All of these factors mean that it is impossible to make the work college model work without either a large endowment or a robust and successful fundraising operation to support it.  

Institutions need not receive federal approval to offer students institutionally-funded work study.  But the more that schools depend upon such work study, the more robust infrastructure is required to oversee it in terms of Directors of Student Labor and the like.  In short, even though such programs provide badly needed personal development opportunities for students, the overhead for operating student work programs is so high that most schools choose not to run them.   

Work Colleges and College Affordability

The work college concept has already proven itself as a means of minimizing and in some cases even eliminating student debt.  But small schools considering adopting such a model should not view it as a solution to their overall financial problems.  Adopting the work college model requires huge financial resources either in the form of endowment or a very healthy development program.  

On the other hand, well-endowed institutions that are genuinely concerned with the ethics surrounding heavy student indebtedness should consider this model to provide students with a pathway to minimizing debt upon graduation.  It isn’t only needy or middle class families who are concerned with the value proposition of higher education today.  Even well-heeled families who can afford to pay much more than average for their children to attend expensive colleges and universities will begin to demand more financial accountability from those institutions.  Such accountability should become a priority for IHEs with more than $200K of endowment per student.

Further, given the current climate in higher education, I suspect that wise donors will soon begin to gravitate more toward funding scholarships than capital projects.  Donors wanting to leave a significant legacy will become even more interested in helping address the college affordability crisis than they have been in the past. 

Not everyone can be a Berea College.  Most small institutions will never have the chance to grow an endowment of $1.5 billion.  Given Berea’s current enrollment, that averages out to around $1.3 million of endowment per student.  Yet according to Inside Higher Ed, there are currently 19 private IHEs with larger endowments per student than Berea College.  Yes, all of these other schools provide generous financial aid programs, particularly to students of modest means. But none of them combine that aid with the concept of the value of work in the way that work colleges do.  There is plenty of room for many other well-endowed schools to do more in this area.

Institutions that are seriously committed to addressing the crisis of college affordability need to redirect their development programs over the next decade.  This redirection should focus on a vision of education that gives students “skin in the game” of their education without saddling them with unmanageable debt.  The current model of tuition discounting masquerading as scholarships doesn’t do that.  Neither does “free” community college.  But the work colleges do, and so will other institutions that have the courage to follow the lead of these nine institutions and adopt at least a partial work college model.  

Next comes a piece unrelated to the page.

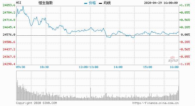 4月29日消息,美股周二收跌,科技股跌幅領(lǐng)先。隨著冠狀病毒疫情趨穩(wěn),歐洲多國及美國多州陸續(xù)重啟經(jīng)濟(jì)。投資者正評估重啟經(jīng)濟(jì)的風(fēng)險(xiǎn)與企業(yè)財(cái)報(bào)。美聯(lián)儲從今天開始召開為期兩天的貨幣政策會議。今日開盤,恒生指數(shù)高開0.85%,盤中一度漲超1%隨后漲幅收窄。截至收盤,恒生指數(shù)漲0.28%,報(bào)24643.59點(diǎn);國企指數(shù)漲0.57%;紅籌指數(shù)跌0.01%。九龍倉置業(yè)漲2.66%領(lǐng)漲藍(lán)籌。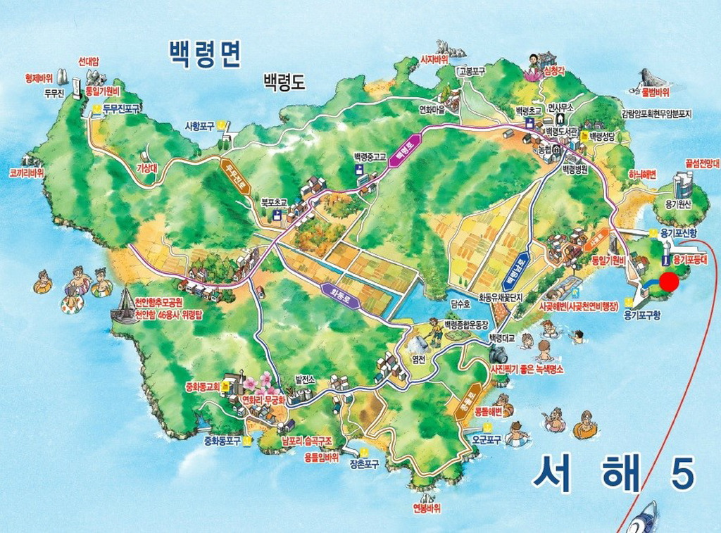 특징 : 인천에서 북서쪽으로 191km 가량 떨어진 서해 최북단의 섬으로 북한과 가장 가까운 위치에 있다. 북한 땅인 황해도 장산곶과 고작해야 13㎞ 거리이기 때문이다. 지금은 비록 경기도(옹진군)이지만 광복 전까지만 해도 황해도의 장연군(長淵郡)에 속해있었던 이유이다. 위치가 위치인지라 섬의 인구 분포는 주민 반, 군인 반이다. 그렇다고 삭막한 분위기는 아니다. 백령도의 자연이 품고 있는 절경 때문이다. ‘서해의 해금강’이라 불리는 ‘두무진’을 비롯해 효녀 심청의 이야기가 깃든 심청각, 작고 둥근 자갈이 깔린 콩돌해변, 천연비행장이라는 사곶해수욕장 등 보석 같은 풍광들이 여행자를 맞이한다. 참고로 백령도의 원래의 이름은 곡도(鵠島)였다고 한다. ‘곡(鵠)’이 고니(白鳥)나 따오기를 가리키는 한자말이니 백조가 많다는데서 유래된 이름이 아닐까 싶다. 그러다가 섬의 지형이 따오기가 흰 날개를 펼치고 공중을 나는 모습처럼 생겼다 해서 백령도(白翎島)로 고쳐 부르게 되었다는 것이다. 역사적으로 이 섬은 유배지로 이용되었다는 것도 기억해 두자.

We don’t need more schools to join the Work College Consortium.  That would only further dilute the fixed amount of money the federal government allocates these schools each year.  Instead, we need more private IHEs to adopt aspects of the work college model that will make college more affordable for a wider swathe of our society.  Most of our schools have a stated commitment to improve society.  Increasingly, our fund-raising priorities should reflect that commitment.